Night Market Studios has stepped into the Cannes Film Market with a clear signal: Asian genre filmmaking now has a new banner, new backers, and familiar horror talent behind it.

Third Culture Content unveiled the Singapore-anchored label as a wholly owned company focused on genre fare, while reports indicate the studio will launch with a four-film debut slate. The early headline centers on Chad Hayes and Carey Hayes, the writers known for “The Conjuring,” who have joined as executive producers. That pairing gives the new venture immediate credibility in a market where horror and thriller brands travel fast across borders.

The move also sharpens Third Culture Content’s ambitions. Co-founded by Janice Chua and Sean Dulake, the company appears to be building a pipeline for Asian genre stories at a moment when international buyers keep hunting for distinctive horror, suspense, and dark fantasy. A Singapore base matters here: it places the label in a regional hub with reach into multiple film industries, while still aiming at global audiences and festival markets.

Night Market Studios arrives with a simple promise: take Asian genre stories to the world with experienced horror hands helping shape the slate.

Key Facts

  • Third Culture Content has launched Night Market Studios as a Singapore-anchored genre label.
  • The company is wholly owned by Third Culture Content.
  • Chad Hayes and Carey Hayes have joined as executive producers.
  • Night Market Studios is bringing a four-film debut slate to the Cannes Film Market.

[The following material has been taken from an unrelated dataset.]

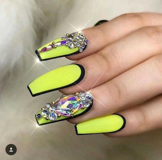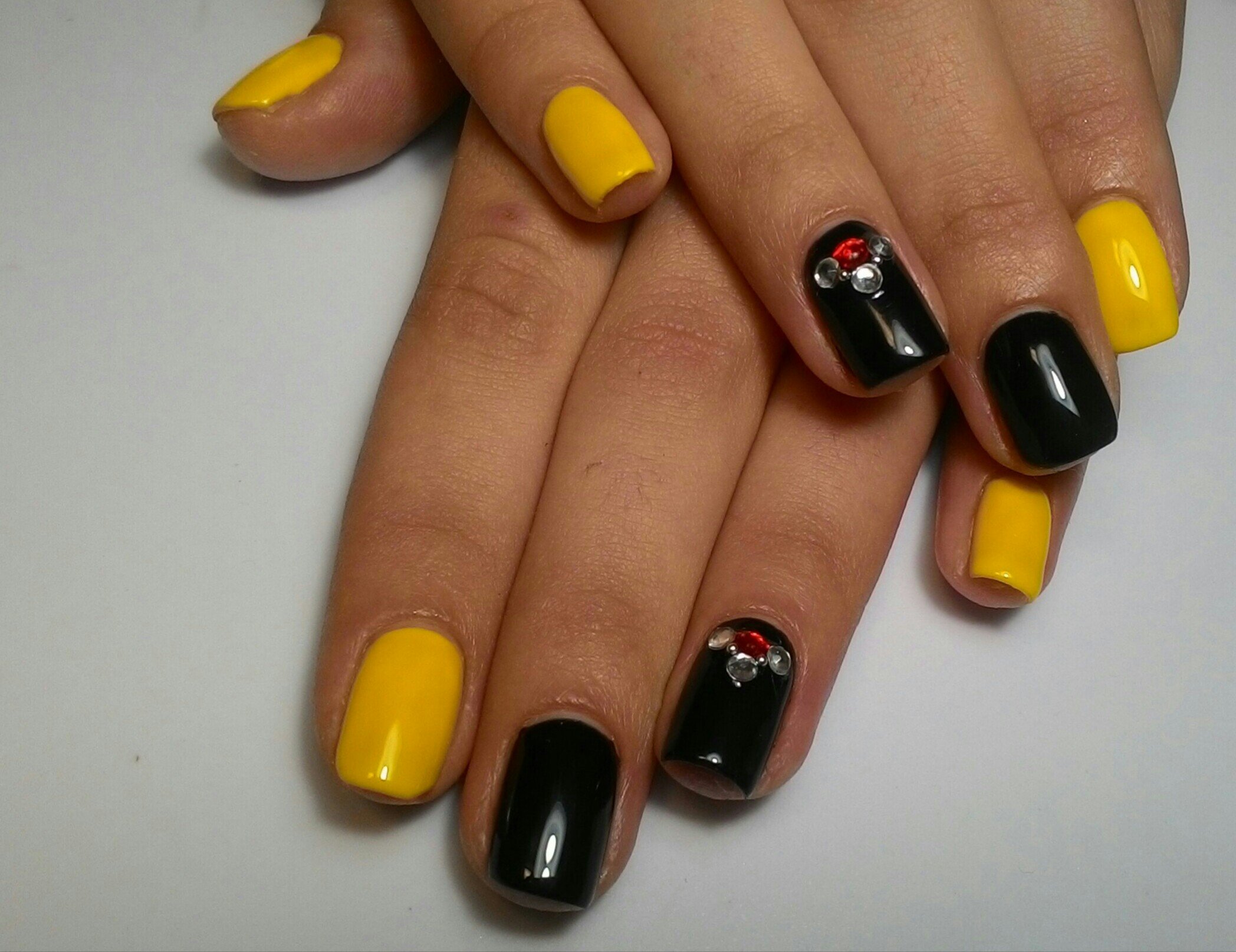 Manucure jaune-noir avec des strass

The announcement lands in a crowded but hungry marketplace. Cannes remains a key venue for packaging projects, attracting sales partners, and testing whether a label can stand out before cameras roll. By attaching writers with mainstream horror credentials, Night Market Studios signals that it wants more than niche attention. It wants commercial genre storytelling with international appeal, rooted in Asian perspectives rather than treated as an export afterthought.

What comes next will determine whether the label becomes a real force or just another market launch. Buyers and festival observers will watch for details on the four films, creative teams, and how aggressively the company develops its cross-border strategy. For the wider industry, the stakes go beyond one slate: if Night Market Studios can connect regional storytelling with global genre demand, it could help shift where horror and thriller franchises get discovered and who gets to shape them.